> WORK REQUEST
Write out, without any change, the lines in the material below that run from the line with "⑦ 「登録」をタップする" through the line with "Efter den udvendige", both included.

> INFORMATION SUPPLIED
◇ ◇ ◇ ◇

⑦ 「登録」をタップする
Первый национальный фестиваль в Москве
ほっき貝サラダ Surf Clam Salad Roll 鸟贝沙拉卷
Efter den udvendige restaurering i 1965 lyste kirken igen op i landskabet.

◇ ◇ ◇ ◇

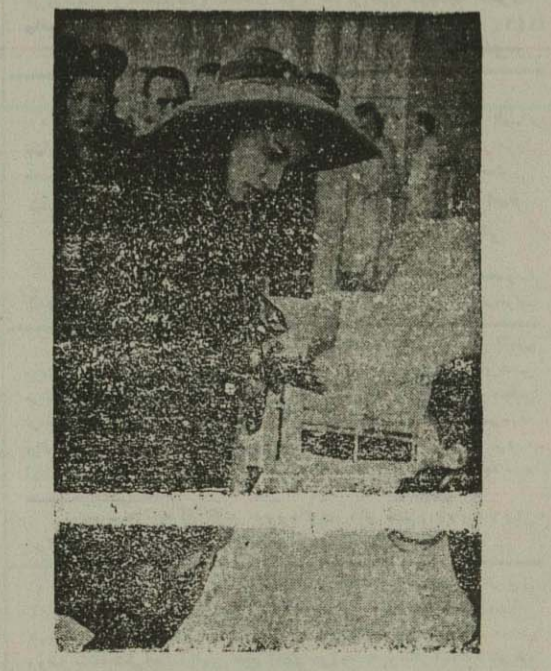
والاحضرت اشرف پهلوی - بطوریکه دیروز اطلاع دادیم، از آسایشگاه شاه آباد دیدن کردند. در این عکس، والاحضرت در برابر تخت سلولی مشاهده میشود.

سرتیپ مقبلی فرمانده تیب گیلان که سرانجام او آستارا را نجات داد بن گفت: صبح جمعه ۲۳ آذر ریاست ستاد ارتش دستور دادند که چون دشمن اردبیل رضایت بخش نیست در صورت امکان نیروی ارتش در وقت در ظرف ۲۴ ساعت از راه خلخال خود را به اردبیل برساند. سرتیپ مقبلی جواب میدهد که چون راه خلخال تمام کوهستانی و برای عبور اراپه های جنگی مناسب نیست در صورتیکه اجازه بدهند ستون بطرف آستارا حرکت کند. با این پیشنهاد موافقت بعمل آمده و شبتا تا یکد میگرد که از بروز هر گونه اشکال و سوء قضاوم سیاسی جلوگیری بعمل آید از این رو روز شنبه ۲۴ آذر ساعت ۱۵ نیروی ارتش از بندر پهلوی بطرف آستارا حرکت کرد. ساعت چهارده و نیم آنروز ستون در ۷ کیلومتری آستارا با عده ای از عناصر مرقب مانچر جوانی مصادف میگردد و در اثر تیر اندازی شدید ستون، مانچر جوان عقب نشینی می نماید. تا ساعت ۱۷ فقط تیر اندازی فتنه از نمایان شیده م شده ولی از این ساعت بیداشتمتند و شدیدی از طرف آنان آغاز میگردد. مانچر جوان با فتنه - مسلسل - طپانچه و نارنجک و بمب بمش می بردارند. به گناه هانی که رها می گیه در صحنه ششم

◇ ◇ ◇ ◇

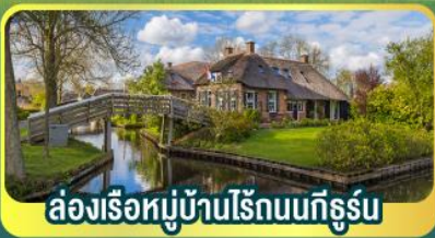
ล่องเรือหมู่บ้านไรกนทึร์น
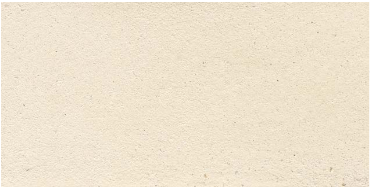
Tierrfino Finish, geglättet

◇ ◇ ◇ ◇

> SOLUTION
⑦ 「登録」をタップする
Первый национальный фестиваль в Москве
ほっき貝サラダ Surf Clam Salad Roll 鸟贝沙拉卷
Efter den udvendige restaurering i 1965 lyste kirken igen op i landskabet.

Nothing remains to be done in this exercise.